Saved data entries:
"""
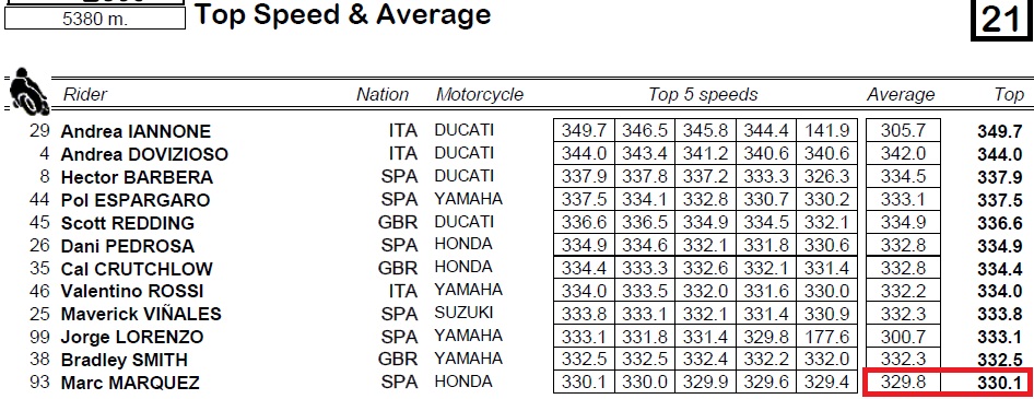 Kenyataannya yang biasa tercepat di qatar memang jl99, sedangkan mm93 lumayan bisa dibelakangnya. Akan tetapi ada yang sedikit mengganjal motogokil, perhatikan topspeed motor rc213v nya mm93, hanya 330.1 kpj, paling rendah diantara semua pembalap. Lihat tabel perolehan topspeed saat kualifikasi
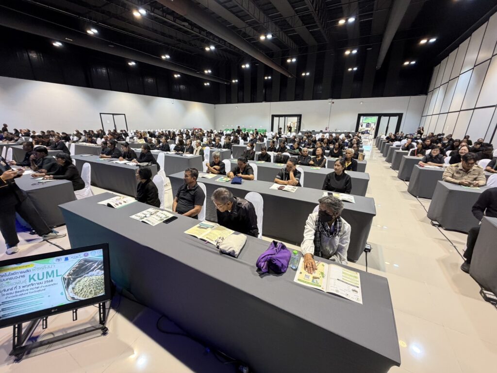 วันที่ 3 พฤศจิกายน 2568 นางรัตดา คงสีไพร เกษตรจังหวัดสุรินทร์ เป็นประธานเปิดการอบรมเชิงปฏิบัติการหลักสูตร “เทคโนโลยีการผลิตพืชหลังนาแบบครบวงจร : ถั่วเขียวพันธุ์ KUML” ณ ห้องประชุม Hall 1 โรงแรม Beelieve Hotel ตำบลนอกเมือง อำเภอเมืองสุรินทร์ จังหวัดสุรินทร์ โดยสำนักงานเกษตรจังหวัดสุรินทร์ ร่วมกับสำนักงานพัฒนาวิทยาศาสตร์และเทคโยโลยีแห่งชาติ (สวทช.) และมหาวิทยาลัยเกษตรศาสตร์ ดำเนินการอบรมเชิงปฏิบัติการหลักสูตร “เทคโนโลยีการผลิตพืชหลังนาแบบครบวงจร : ถั่วเขียวพันธุ์ KUML” ให้แก่เกษตรอำเภอ เจ้าหน้าส่งเสริมการเกษตรประจำตำบลและเกษตรกร จำนวน 300 ราย เพื่อถ่ายทอดองค์ความรู้ เทคโนโลยี และนวัตกรรม สร้างบุคลากรที่มีความรู้ความเข้าใจในการปลูกถั่วเขียว KUML อย่างถูกต้องตามหลักวิชาการ รวมถึงยกระดับเกษตรกรให้สามารถนำองค์ความรู้ไปใช้ประโยชน์จริง สร้างรายได้เสริม อีกทั้งยังช่วยลดปัญหาการเผาฟางข้าวและเศษวัสดุทางการเกษตร ซึ่งส่งผลดีต่อการลดการปล่อยก๊าซเรือนกระจกและการแก้ปัญหาภาวะโลกร้อน
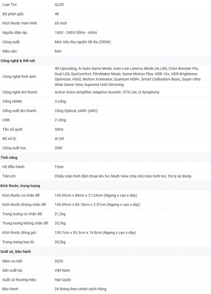 Tích hợp nhiều công nghệ hình ảnh hiện đại như Quantum Dot, Color Booster Pro, Quantum HDR+, 4K AI Upscaling...
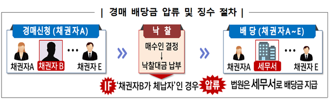 체납자가 얻는 수익은 원칙적으로는 국고 귀속돼야 하나, 체납자의 부동산 경매 배당금은 국세청이 사전에 인지해 압류하지 않으면, 체납자가 몰래 챙길 수 있게 된다.
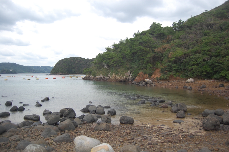 この写真の右側奥には、小さな砂浜があって、昔はサクラ貝も見つけたことがありました。久しぶりに下りていくことにしました。さっきの砲台跡の方まで戻り、畦道を通って、海岸線まで下りていくと、
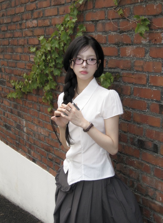 アシンメトリーカラーシャーリングブラウス
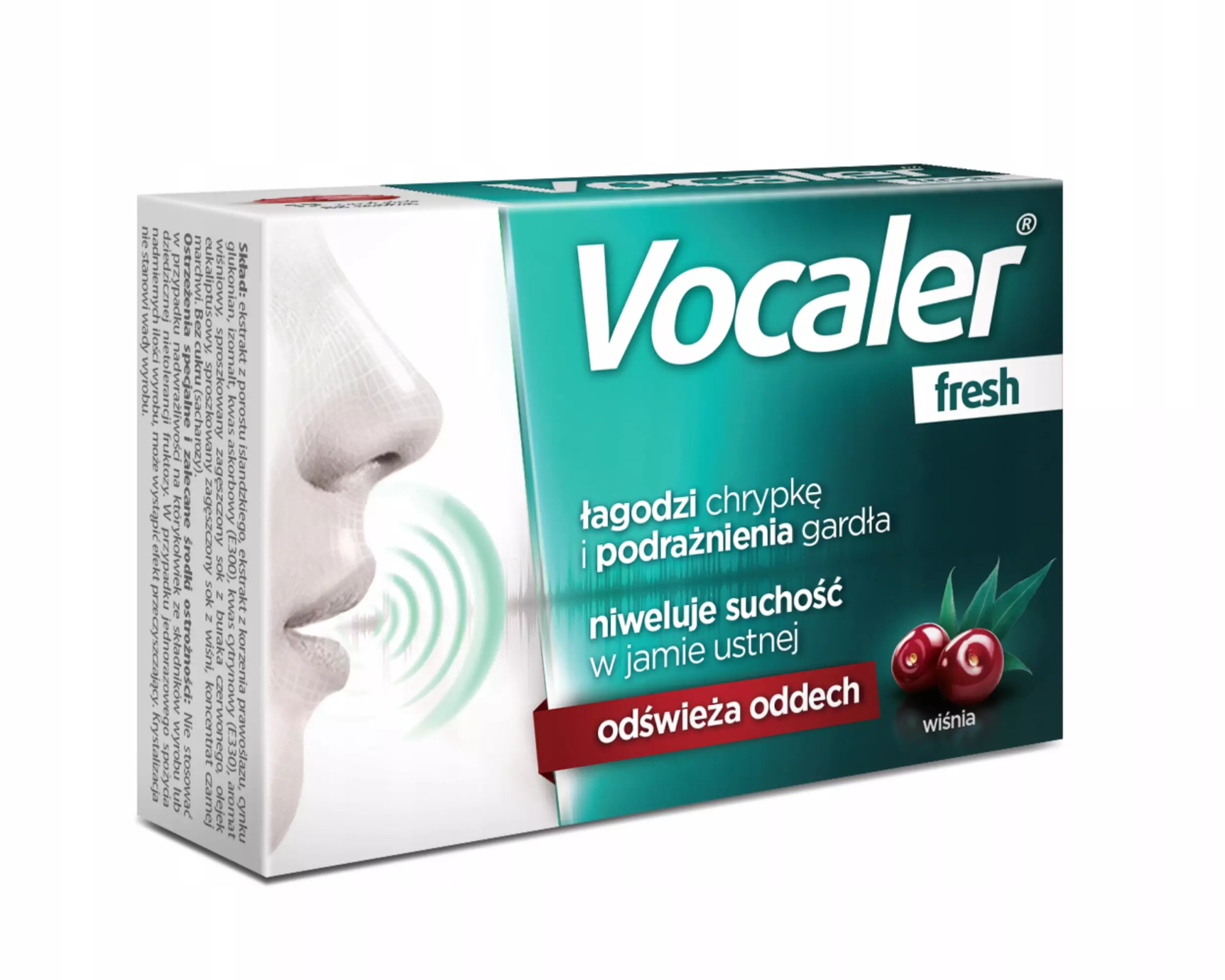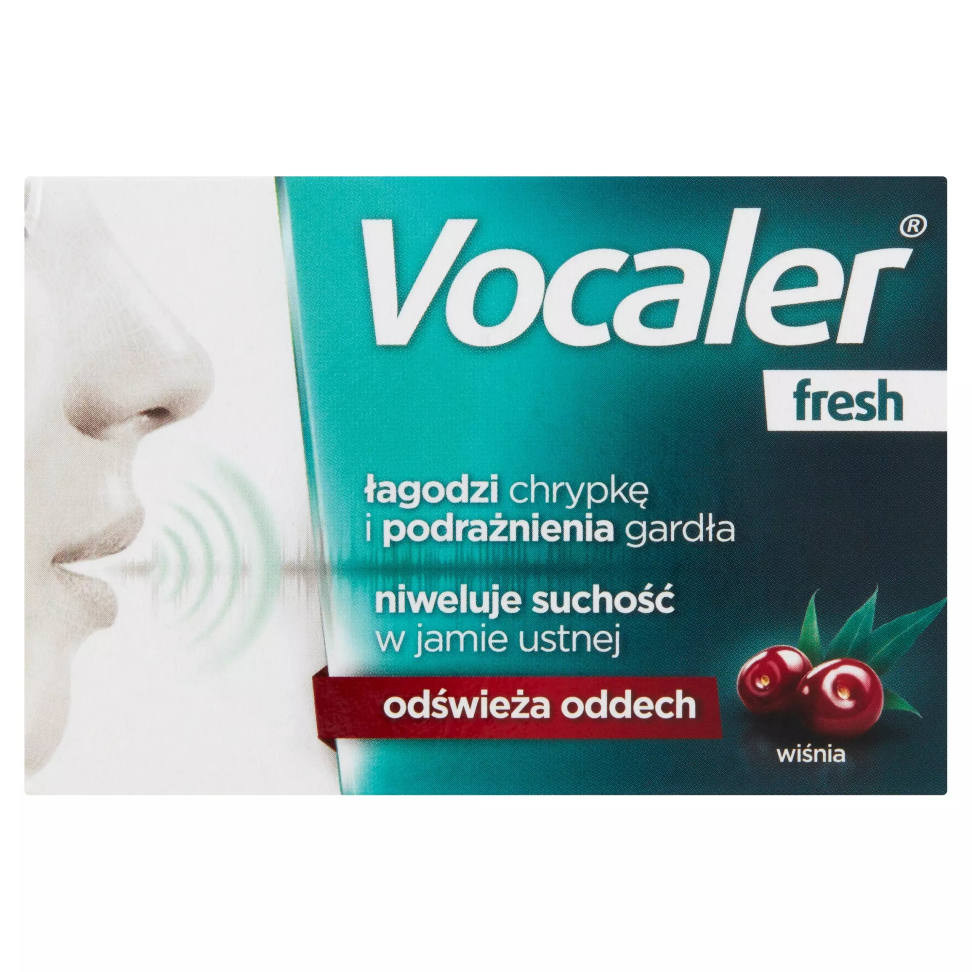 Składniki wyrobu medycznego Vocaler fresh łagodzą chrypkę i podrażnienia gardła, przywracając komfort mówienia. Ziołowe pastylki Vocaler fresh nawilżają błonę śluzową gardła oraz powlekają ją ochronnym filmem, łagodząc dolegliwości związane z przeciążeniem strun głosowych oraz suchością w jamie ustnej spowodowaną m.in. kontaktem z dymem tytoniowym lub przebywaniem w klimatyzowanych pomieszczeniach. Poprzez swoje działanie Vocaler fresh niweluje przejściowe problemy związane z wydobywaniem głosu i przywraca komfort mówienia bez konieczności odchrząkiwania. Dodatkowo zawarty w wyrobie cynk wiąże lotne związki siarki w jamie ustnej, przyczyniając się do utrzymania świeżego oddechu.Vocaler fresh może być stosowany również profilaktycznie, szczególnie u osób narażonych na znaczne obciążenie więzadeł głosowych oraz w trakcie przeziębienia z towarzyszącym bólem gardła.Vocaler fresh o smaku wiśniowym wzbogacony jest o olejek eukaliptusowy.
"""
- THE TASK: Please retype, exactly and only, the lines from the one holding "วันที่ 3 พฤศจิกายน" to the end of the entries, both ends included, without any pictures.

- TASK RESULT:
 วันที่ 3 พฤศจิกายน 2568 นางรัตดา คงสีไพร เกษตรจังหวัดสุรินทร์ เป็นประธานเปิดการอบรมเชิงปฏิบัติการหลักสูตร “เทคโนโลยีการผลิตพืชหลังนาแบบครบวงจร : ถั่วเขียวพันธุ์ KUML” ณ ห้องประชุม Hall 1 โรงแรม Beelieve Hotel ตำบลนอกเมือง อำเภอเมืองสุรินทร์ จังหวัดสุรินทร์ โดยสำนักงานเกษตรจังหวัดสุรินทร์ ร่วมกับสำนักงานพัฒนาวิทยาศาสตร์และเทคโยโลยีแห่งชาติ (สวทช.) และมหาวิทยาลัยเกษตรศาสตร์ ดำเนินการอบรมเชิงปฏิบัติการหลักสูตร “เทคโนโลยีการผลิตพืชหลังนาแบบครบวงจร : ถั่วเขียวพันธุ์ KUML” ให้แก่เกษตรอำเภอ เจ้าหน้าส่งเสริมการเกษตรประจำตำบลและเกษตรกร จำนวน 300 ราย เพื่อถ่ายทอดองค์ความรู้ เทคโนโลยี และนวัตกรรม สร้างบุคลากรที่มีความรู้ความเข้าใจในการปลูกถั่วเขียว KUML อย่างถูกต้องตามหลักวิชาการ รวมถึงยกระดับเกษตรกรให้สามารถนำองค์ความรู้ไปใช้ประโยชน์จริง สร้างรายได้เสริม อีกทั้งยังช่วยลดปัญหาการเผาฟางข้าวและเศษวัสดุทางการเกษตร ซึ่งส่งผลดีต่อการลดการปล่อยก๊าซเรือนกระจกและการแก้ปัญหาภาวะโลกร้อน
 Tích hợp nhiều công nghệ hình ảnh hiện đại như Quantum Dot, Color Booster Pro, Quantum HDR+, 4K AI Upscaling...
 체납자가 얻는 수익은 원칙적으로는 국고 귀속돼야 하나, 체납자의 부동산 경매 배당금은 국세청이 사전에 인지해 압류하지 않으면, 체납자가 몰래 챙길 수 있게 된다.
 この写真の右側奥には、小さな砂浜があって、昔はサクラ貝も見つけたことがありました。久しぶりに下りていくことにしました。さっきの砲台跡の方まで戻り、畦道を通って、海岸線まで下りていくと、
 アシンメトリーカラーシャーリングブラウス
 Składniki wyrobu medycznego Vocaler fresh łagodzą chrypkę i podrażnienia gardła, przywracając komfort mówienia. Ziołowe pastylki Vocaler fresh nawilżają błonę śluzową gardła oraz powlekają ją ochronnym filmem, łagodząc dolegliwości związane z przeciążeniem strun głosowych oraz suchością w jamie ustnej spowodowaną m.in. kontaktem z dymem tytoniowym lub przebywaniem w klimatyzowanych pomieszczeniach. Poprzez swoje działanie Vocaler fresh niweluje przejściowe problemy związane z wydobywaniem głosu i przywraca komfort mówienia bez konieczności odchrząkiwania. Dodatkowo zawarty w wyrobie cynk wiąże lotne związki siarki w jamie ustnej, przyczyniając się do utrzymania świeżego oddechu.Vocaler fresh może być stosowany również profilaktycznie, szczególnie u osób narażonych na znaczne obciążenie więzadeł głosowych oraz w trakcie przeziębienia z towarzyszącym bólem gardła.Vocaler fresh o smaku wiśniowym wzbogacony jest o olejek eukaliptusowy.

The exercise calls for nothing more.